One facet of the debate over Social Security that I think is often overlooked is the WAY we are taxed to support it.
The SS payroll tax is a FLAT RATE tax starting on your first dollar, on that first job you had in high school, on wages, salaries, and self-employed earnings. There are NO EXEMPTIONS OR DEDUCTIONS.
(I'm self-employed, paid the whole 15%, even in years when my net earnings have been as low at $18K!)
Until recently SS has consistently run a surplus for decades, the direct result of payroll tax increase recommended by the Greenspan Commission established under Pres. Reagan in 1983. That increase and the resulting surplus was exactly for the purpose of getting SS ready to cope with the retirement of the Baby Boomers. And as recently as during the George W. Bush administration, SS was expected to remain in surplus until 2017.

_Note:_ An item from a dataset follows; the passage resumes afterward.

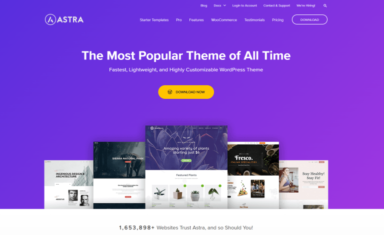 يحتوي قالب Astra على العديد من الميزات التي تجعله أحد أكثر القوالب المثبتة (أكثر من مليون ونصف عملية تثبيت نشطة حالياً). تتكيف صفحات القالب مع جميع أنواع الشاشات ومع معايير تحسين محركات البحث (SEO) إلى جانب التحميل السريع للصفحات والاستجابة السريعة على الهاتف الذكي، وهي معيار أساسي لتحسين الظهور في محركات البحث وخاصة جوجل. تصميمه أنيق ومتوافق مع مواقع التجارة الإلكترونية كونه يدعم بالكامل إضافة WooCommerce. مع مجموعة واسعة من خيارات التخصيص، يحظى قالب Astra بشعبية كبيرة على الإنترنت.

One reason it is not now running a surplus probably has a lot to do with the fact that the 9+% unemployed are not working and contributing their payroll tax. (Everybody repeat now: JOBS, JOBS, JOBS.)
SS funding can be made solvent for the foreseeable future with some simple adjustments: namely raising the maximum taxable earnings well above the current $110K, so we get back to the point where SS taxes apply to 90-95% of total earnings in the US (as originally established), not the 80% it is now.
Over the last 30 years, wages and salaries have stagnated, stalling growth in payroll tax revenues. All the growth in income has gone to the extreme high income individuals, who are hardly touched at all by payroll taxes.
In the meantime, under the last Bush administration, the tax cuts in the GRADUATED INCOME TAX, with all its exemptions and deductions, have gone disproportionately to those high income earners. And the SS surplus has been borrowed to pay for those tax cuts (and the wars, and the Medicare drug program).
It's reform of the GRADUATED INCOME TAX, with its minimal rates and extravagant loopholes that benefit the wealthy, that is needed, so the government can pay for all those oil and gas subsidies, a bloated Pentagon budget, and Congress's pet earmarks, among other things.
For now, our bought-and-paid-for "entitlement" of Social Security should be the last thing that should be cut.